On 10/25/06 09:56, Paul Schmehl wrote:
--On Wednesday, October 25, 2006 12:08:26 +0400 ????? ???????
<[EMAIL PROTECTED]> wrote:
Because maintaining the access list can be quite ponderous if you have a
lot of users.
A comment in /etc/hosts.allow states that:
Wrapping sshd(8) is not normally a good idea
Why? Is it because such restrictions should naturally be made using a
firewall/PAM/sshd itself/whatever? I think GENERIC sshd wouldn't have
been built with libwrap support in the first place. Or?
I maintain a hobby website that only has two shell accounts. I use
hosts.allow for ssh because it gets rid of the brute-force crap.

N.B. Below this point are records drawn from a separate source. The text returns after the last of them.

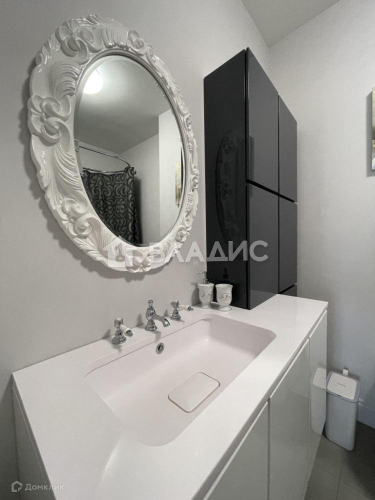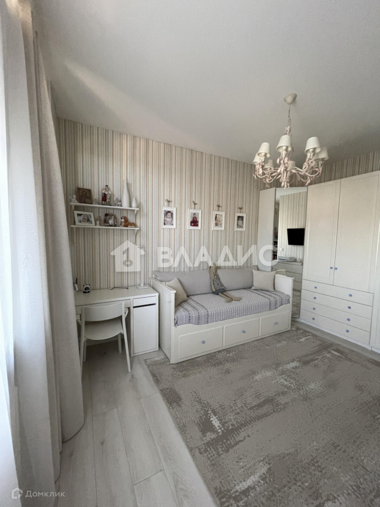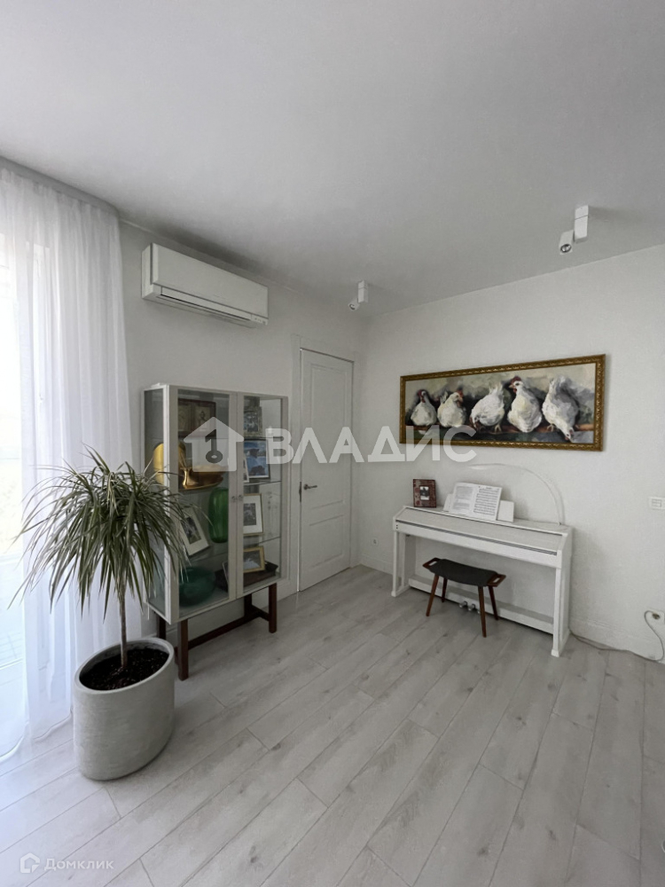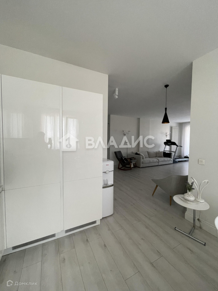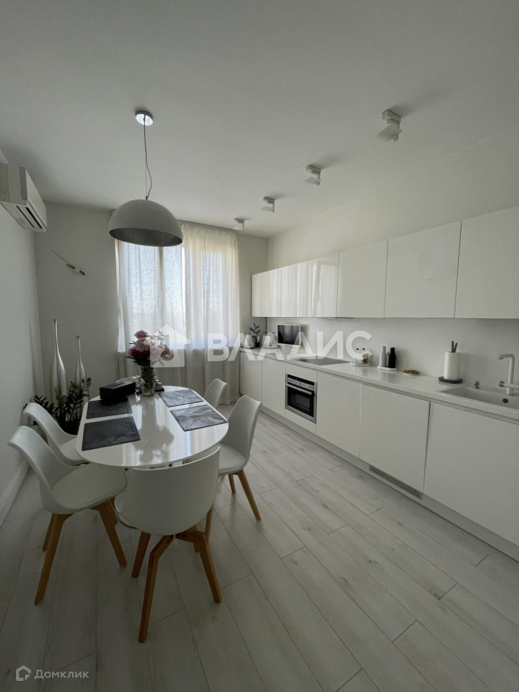 Планировка квартиры включает просторную кухню, гостиную, две спальни, санузел, гардеробную и теплую лоджию с панорамным остеклением. Отделка выполнена из высококачественных материалов. Техника на кухне Neff. Кондиционеры установлены в гостиной и кухонной зоне.
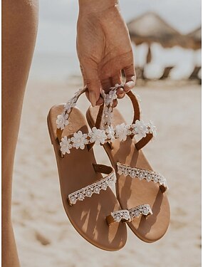 レディース ホワイト レース フローラル サンダル - ビーチでの結婚式やトロピカルな休暇にぴったりの、パールのアクセントが付いたボヘミアン風フラット トゥリング サンダル &夏のリゾートウェア
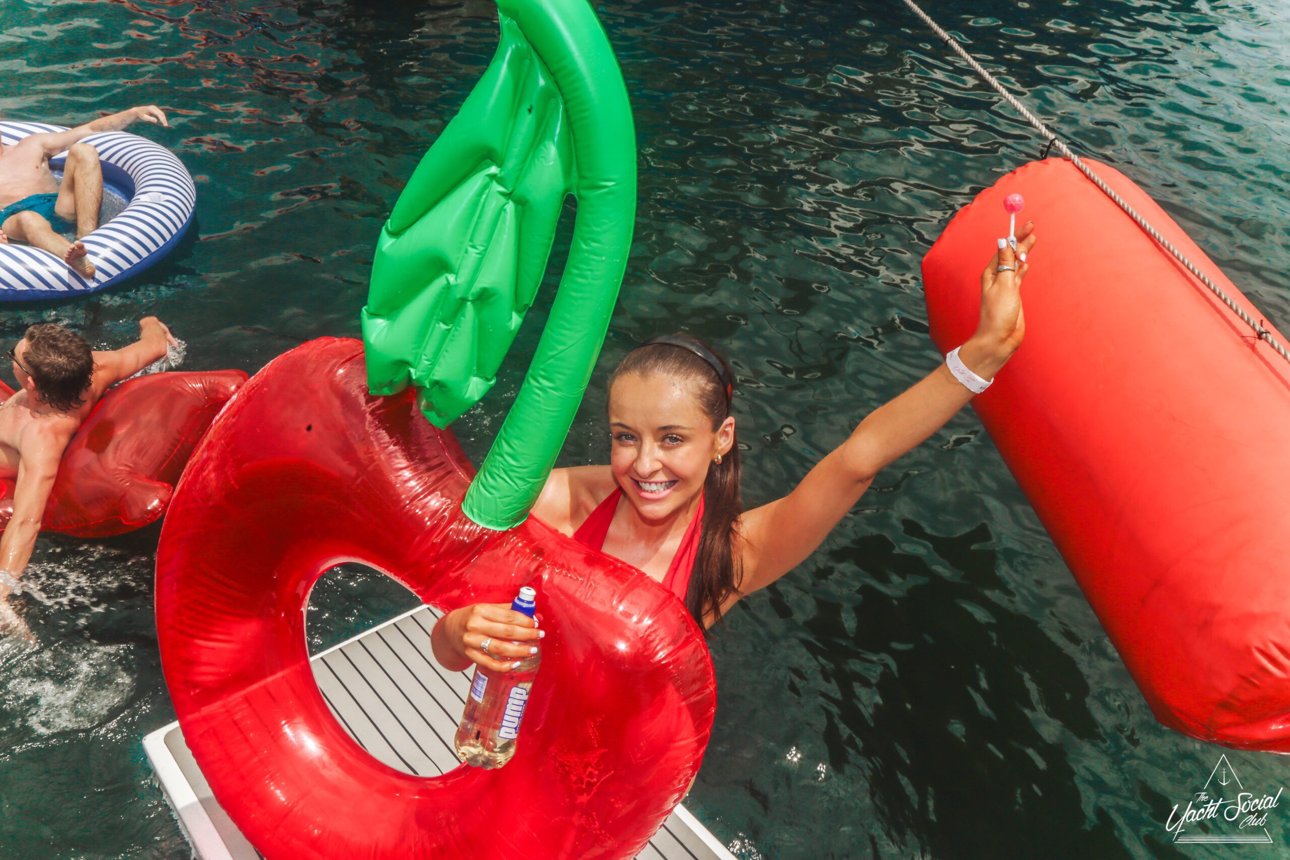 A smiling woman in a red swimsuit holds a red inflatable ring and a lollipop on a dock, surrounded by people and colorful inflatables at a lively pool party on the water.

But
even for two users, the list of hosts/networks that are allowed is 10 or
15. Imagine what it would be if you have a hundred users...or a thousand.
Viewed from a slightly different angle...
If you are responsible for maintaining machine xyz, and you have used
tcpwrappers... chances are you'll eventually need access to that machine
from a location you did not previously expect. Maybe your sitting in
the airport and get a call that the machine is malfunctioning. Maybe
you are on call at a social gathering. In any case, you'll need access
and if it is using tcpwrappers, you may not gain access.
IMHO, other than the problem with needing "emergency" access, I think
tcpwrappers is a good thing. I use then on my laptop for example. As
Paul mentions, it gets rid of the constant hammering you would normally
be subject to, and I can still access it from the office or home.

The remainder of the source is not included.